• **Exercise prompt**: From the listing below, please restate exactly the lines beginning at the one with "We began with" and ending at the one with "Отвёртка - 1 шт. |", both included, and skip the pictures.

• **Material provided**:
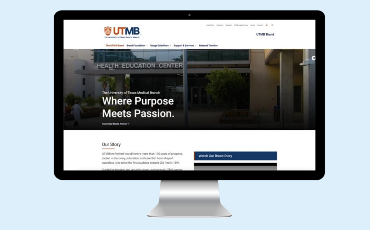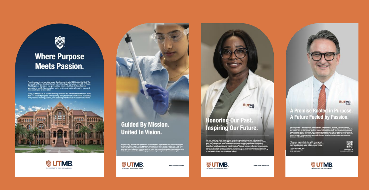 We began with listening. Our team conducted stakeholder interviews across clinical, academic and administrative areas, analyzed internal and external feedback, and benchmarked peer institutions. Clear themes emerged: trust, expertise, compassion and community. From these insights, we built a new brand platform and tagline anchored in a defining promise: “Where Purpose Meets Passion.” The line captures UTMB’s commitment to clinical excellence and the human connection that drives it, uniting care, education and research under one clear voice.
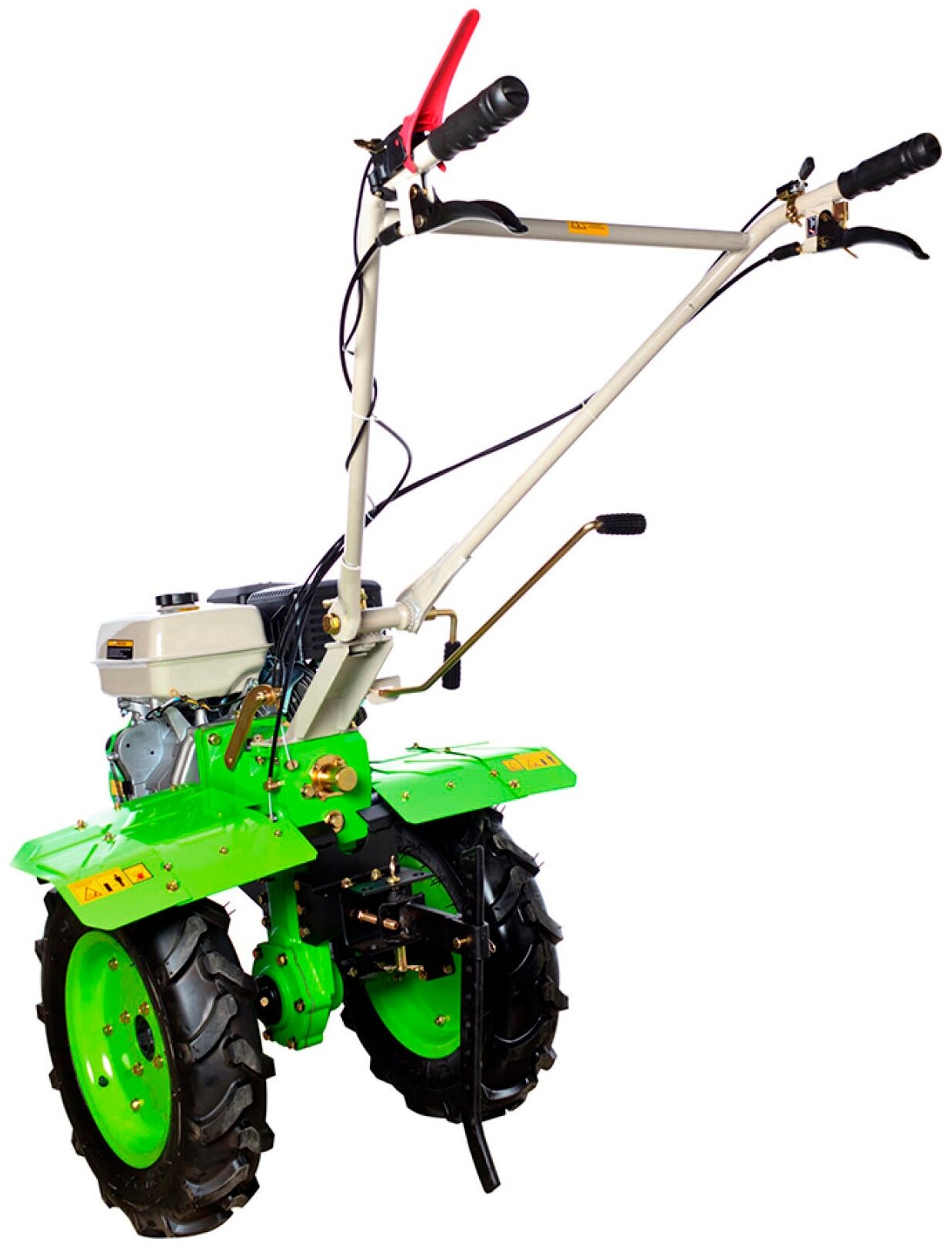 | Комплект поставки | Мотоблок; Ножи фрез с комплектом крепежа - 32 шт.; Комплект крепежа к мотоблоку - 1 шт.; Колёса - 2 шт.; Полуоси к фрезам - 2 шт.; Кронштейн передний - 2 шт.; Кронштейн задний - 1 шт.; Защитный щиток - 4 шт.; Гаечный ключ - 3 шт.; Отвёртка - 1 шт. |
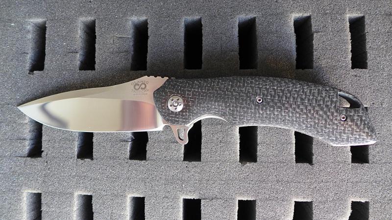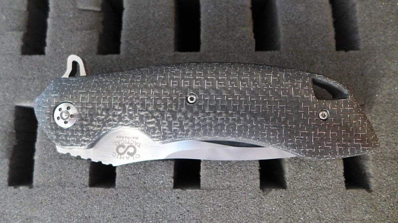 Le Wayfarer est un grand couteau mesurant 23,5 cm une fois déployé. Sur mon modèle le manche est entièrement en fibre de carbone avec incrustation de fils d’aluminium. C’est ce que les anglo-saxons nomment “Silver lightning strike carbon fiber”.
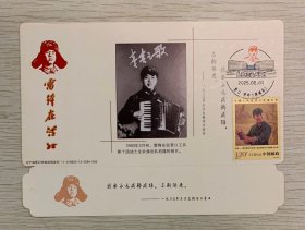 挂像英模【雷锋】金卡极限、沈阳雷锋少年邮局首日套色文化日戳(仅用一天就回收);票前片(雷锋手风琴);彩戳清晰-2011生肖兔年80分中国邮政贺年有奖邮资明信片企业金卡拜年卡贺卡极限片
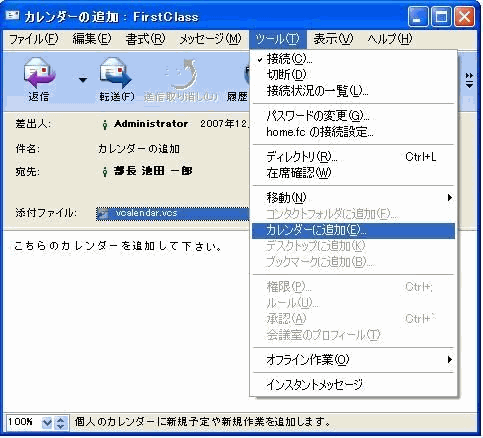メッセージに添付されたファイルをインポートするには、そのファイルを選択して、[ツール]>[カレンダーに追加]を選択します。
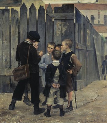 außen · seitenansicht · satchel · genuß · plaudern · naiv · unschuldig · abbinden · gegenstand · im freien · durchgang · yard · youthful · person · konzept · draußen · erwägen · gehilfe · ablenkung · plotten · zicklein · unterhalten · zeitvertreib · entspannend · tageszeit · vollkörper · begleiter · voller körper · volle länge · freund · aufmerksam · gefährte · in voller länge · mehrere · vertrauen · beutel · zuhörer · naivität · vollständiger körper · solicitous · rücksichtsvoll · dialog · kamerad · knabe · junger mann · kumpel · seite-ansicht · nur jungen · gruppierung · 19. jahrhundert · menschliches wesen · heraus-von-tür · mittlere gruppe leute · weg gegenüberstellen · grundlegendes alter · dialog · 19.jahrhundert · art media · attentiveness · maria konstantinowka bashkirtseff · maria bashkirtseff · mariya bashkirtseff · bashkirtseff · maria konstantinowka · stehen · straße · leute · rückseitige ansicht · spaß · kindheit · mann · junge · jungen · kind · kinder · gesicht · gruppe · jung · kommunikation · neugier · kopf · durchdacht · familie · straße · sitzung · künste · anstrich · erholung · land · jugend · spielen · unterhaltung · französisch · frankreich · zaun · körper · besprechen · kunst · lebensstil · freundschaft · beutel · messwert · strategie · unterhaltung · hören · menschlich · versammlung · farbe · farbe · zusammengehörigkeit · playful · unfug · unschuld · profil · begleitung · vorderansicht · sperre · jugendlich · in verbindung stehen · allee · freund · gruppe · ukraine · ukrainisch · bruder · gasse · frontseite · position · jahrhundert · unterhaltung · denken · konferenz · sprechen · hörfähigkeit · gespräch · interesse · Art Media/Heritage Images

---

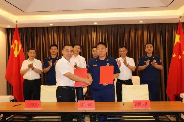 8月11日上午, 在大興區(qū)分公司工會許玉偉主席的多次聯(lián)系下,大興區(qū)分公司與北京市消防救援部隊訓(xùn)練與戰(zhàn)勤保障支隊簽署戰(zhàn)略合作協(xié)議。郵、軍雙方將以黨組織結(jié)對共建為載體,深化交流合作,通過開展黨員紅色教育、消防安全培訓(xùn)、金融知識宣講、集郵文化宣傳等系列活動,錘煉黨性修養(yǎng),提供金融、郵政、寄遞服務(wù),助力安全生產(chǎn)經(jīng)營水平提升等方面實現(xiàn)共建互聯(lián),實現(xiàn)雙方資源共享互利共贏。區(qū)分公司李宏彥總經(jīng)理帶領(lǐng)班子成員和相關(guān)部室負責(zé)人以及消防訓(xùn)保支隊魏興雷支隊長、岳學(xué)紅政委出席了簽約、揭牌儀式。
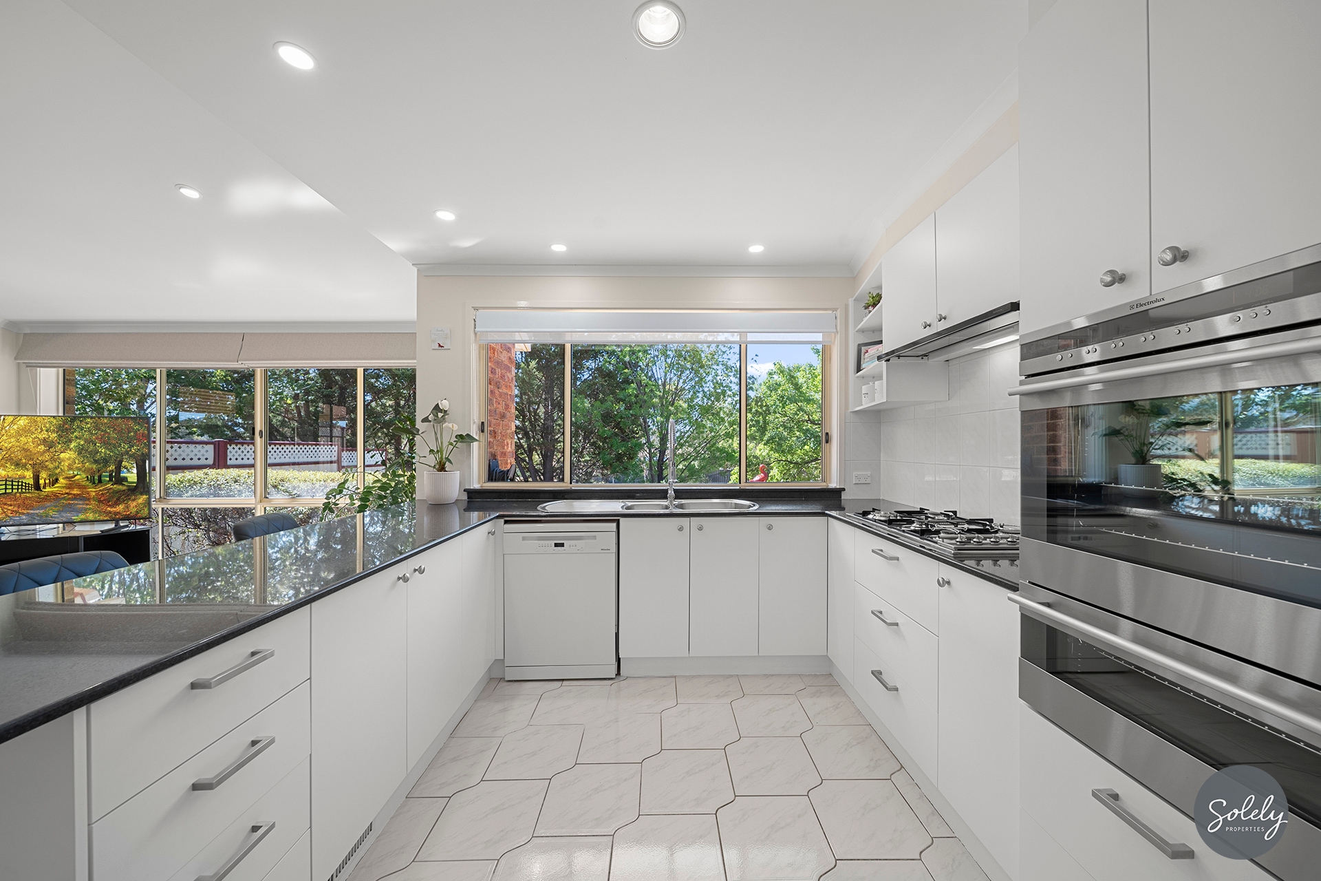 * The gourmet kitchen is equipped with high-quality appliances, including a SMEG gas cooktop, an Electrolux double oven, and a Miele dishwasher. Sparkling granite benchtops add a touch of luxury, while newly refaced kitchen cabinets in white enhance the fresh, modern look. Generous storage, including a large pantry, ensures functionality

* * *

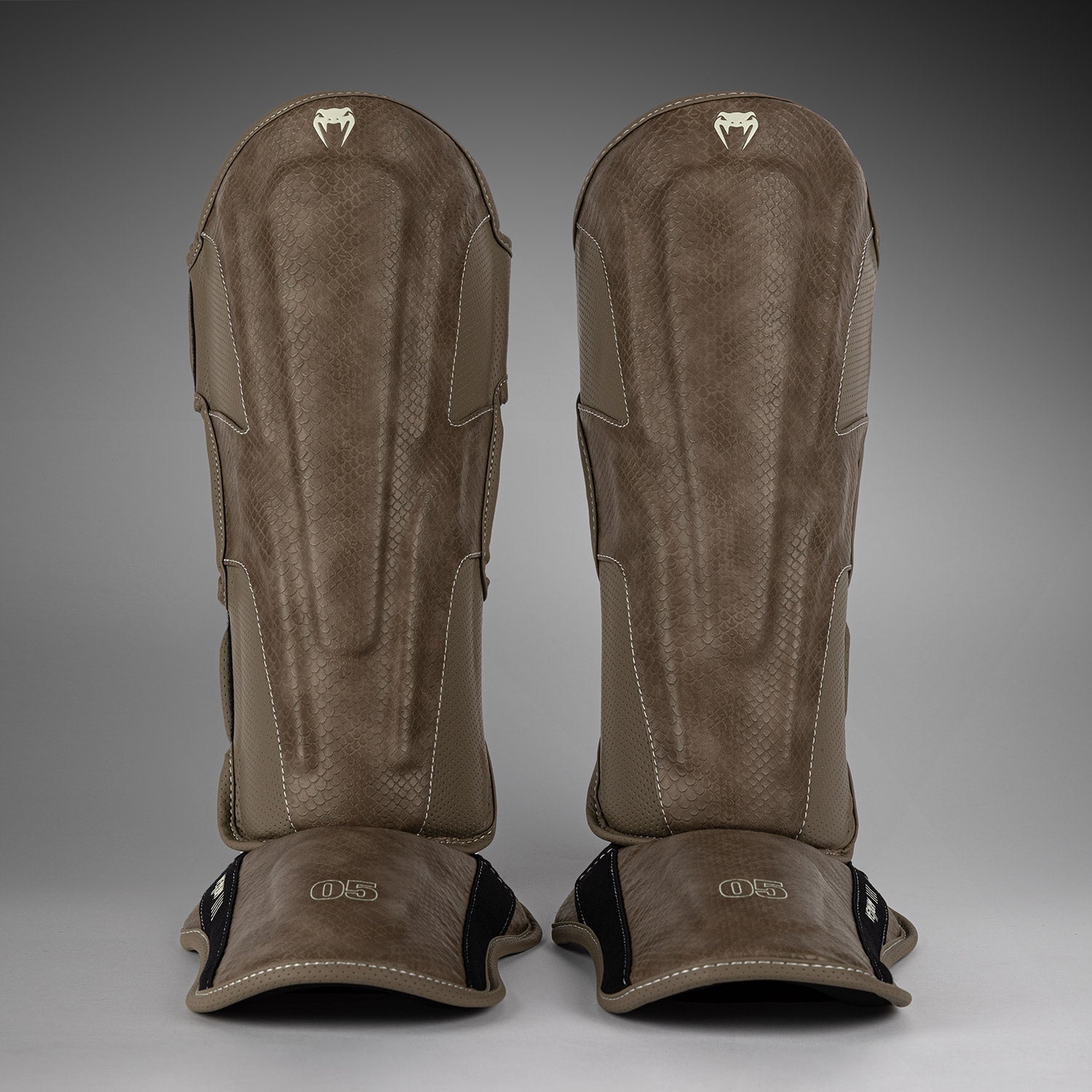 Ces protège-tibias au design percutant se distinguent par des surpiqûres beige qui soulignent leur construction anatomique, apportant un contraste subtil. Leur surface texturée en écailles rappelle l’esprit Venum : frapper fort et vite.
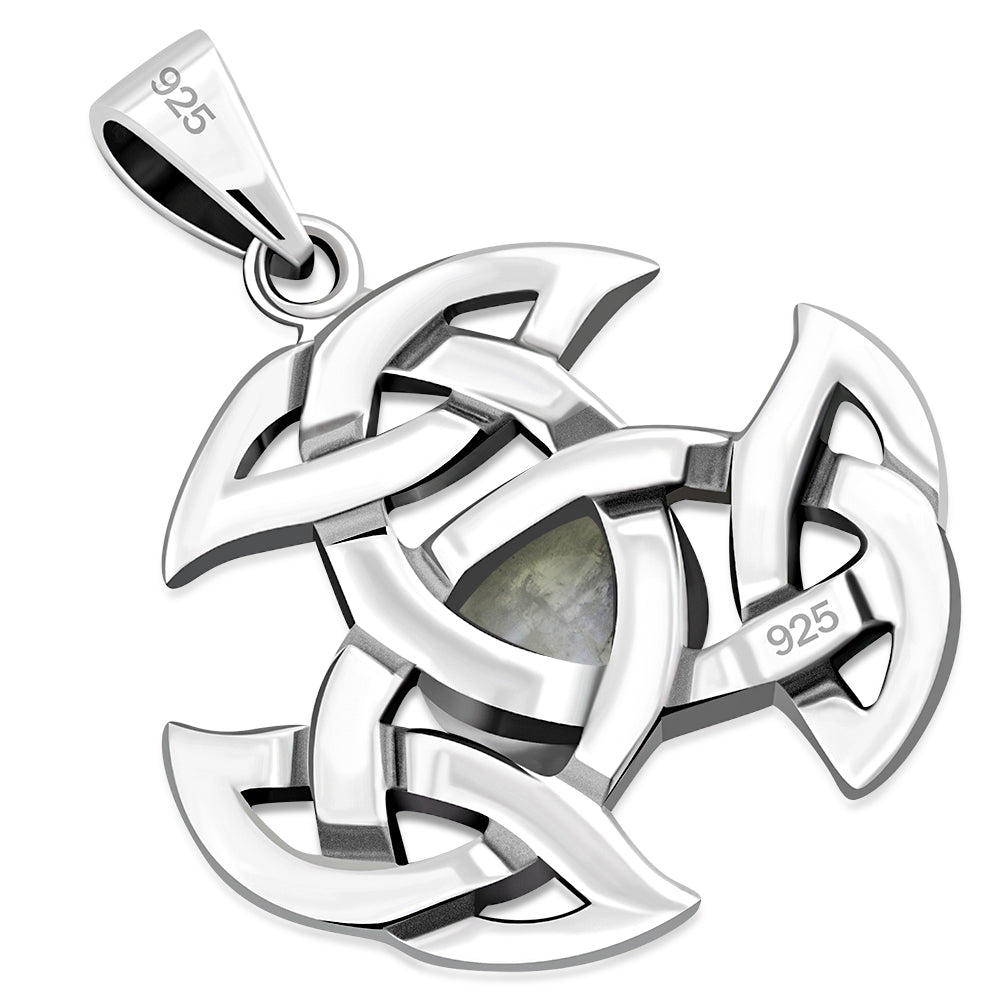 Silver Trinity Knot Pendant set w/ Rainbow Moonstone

• **Expected answer**:
 We began with listening. Our team conducted stakeholder interviews across clinical, academic and administrative areas, analyzed internal and external feedback, and benchmarked peer institutions. Clear themes emerged: trust, expertise, compassion and community. From these insights, we built a new brand platform and tagline anchored in a defining promise: “Where Purpose Meets Passion.” The line captures UTMB’s commitment to clinical excellence and the human connection that drives it, uniting care, education and research under one clear voice.
 | Комплект поставки | Мотоблок; Ножи фрез с комплектом крепежа - 32 шт.; Комплект крепежа к мотоблоку - 1 шт.; Колёса - 2 шт.; Полуоси к фрезам - 2 шт.; Кронштейн передний - 2 шт.; Кронштейн задний - 1 шт.; Защитный щиток - 4 шт.; Гаечный ключ - 3 шт.; Отвёртка - 1 шт. |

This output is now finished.